Maybe we need to take a more cold-minded, materialist point of view? Norm Walsh, perhaps inadvertently, suggested just such a perspective when he commented that "the tool/development focus is...intensely focused on applications that involve slurping content out of databases, coding it up in messages, firing it across the web, and then slamming it back into databases" -- to, one supposes, the detriment of human-focused tool development. "But, hey," Walsh hastened to add, "everyone has to make a living". Insofar as Walsh's implication is correct, that there simply is more money to be made building tools for the "data" side of XML than for the "documents" side, it seems reasonable to assume that human-centered tools, which are intended to ease the creation of XML content by humans, are going to lag behind the data tools.

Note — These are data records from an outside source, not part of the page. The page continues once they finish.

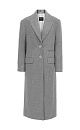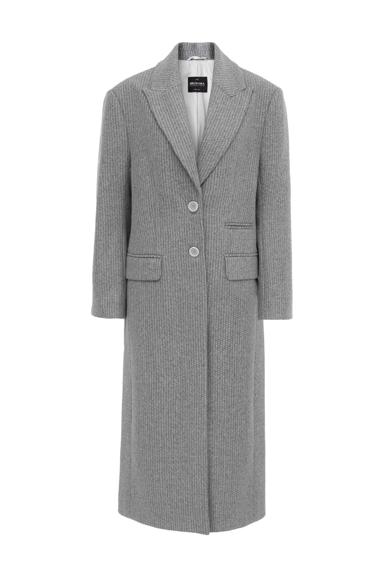 Striped classic wool coat. Peaked lapel collar, patch pockets. Front button closure.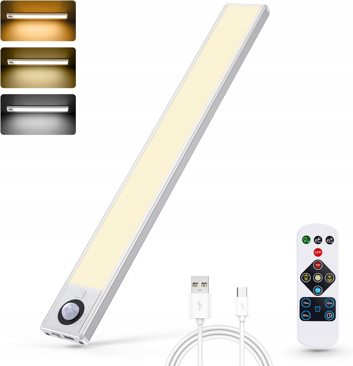 Ця лампа для шафи, що перезаряджається, оснащена бездротовим радіопультом дистанційного керування. Освітлення шафи з датчиком руху з такими функціями, як синхронізація, перемикання, затемнення та пам'ять. Налаштування режиму: ніч/день/завжди увімкнено/вимкнено ② Регулювання яскравості: натисніть кнопку «+/-» на пульті дистанційного керування. Регулювання колірної температури: холодне біле світло, нейтральне світло, тепле біле світло. ④ Функція таймера: 15, 30 або 60 хвилин.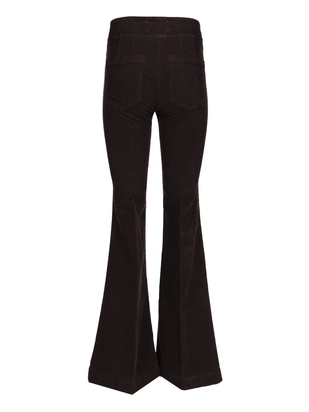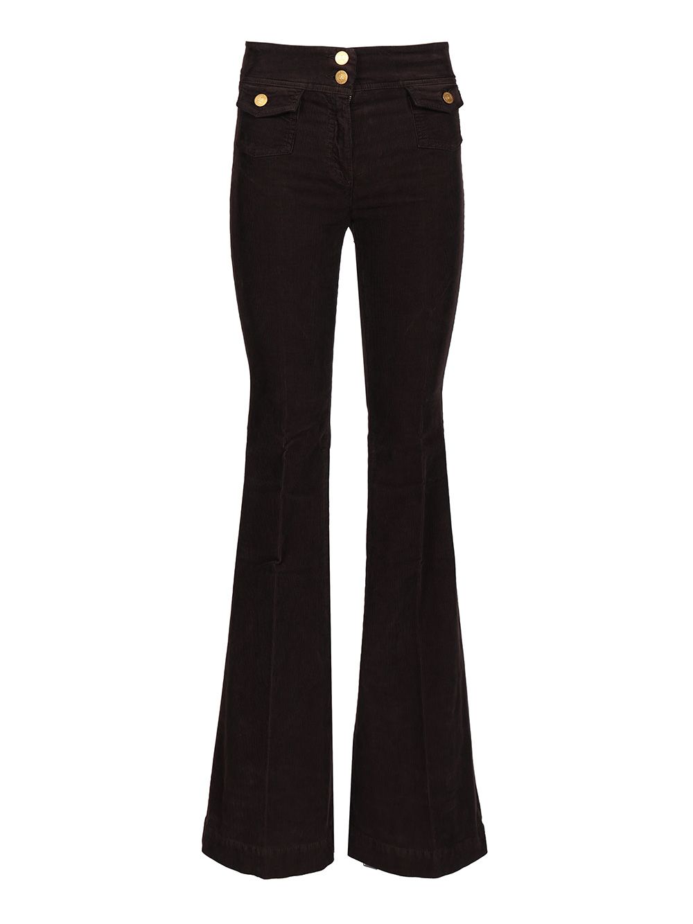 flared jean with two back pockets and two front flap details (mock pockets) with buttons. Two front flap details. Stretch fabric.

This economic perspective also implies a rather unsettling fact -- unsettling if you are, like me, a long time critic of Microsoft. It implies that the XML facilities in the next major release of Office are the very best, realistic hope for the future of the documents side of XML, at least in terms of mass market success. No other entity in the industry (in any industry, for that matter) is as able to swing mass numbers of computers users toward or away from specific technological solutions. That Microsoft has gained such an ability by virtue of its position as an adjudicated monopolist is in some very real sense beside the point. If you keep a flame burning for the XML-as-document position, outside of Microsoft and a few other notables like Topologi, it is and will likely remain slim pickings for some time.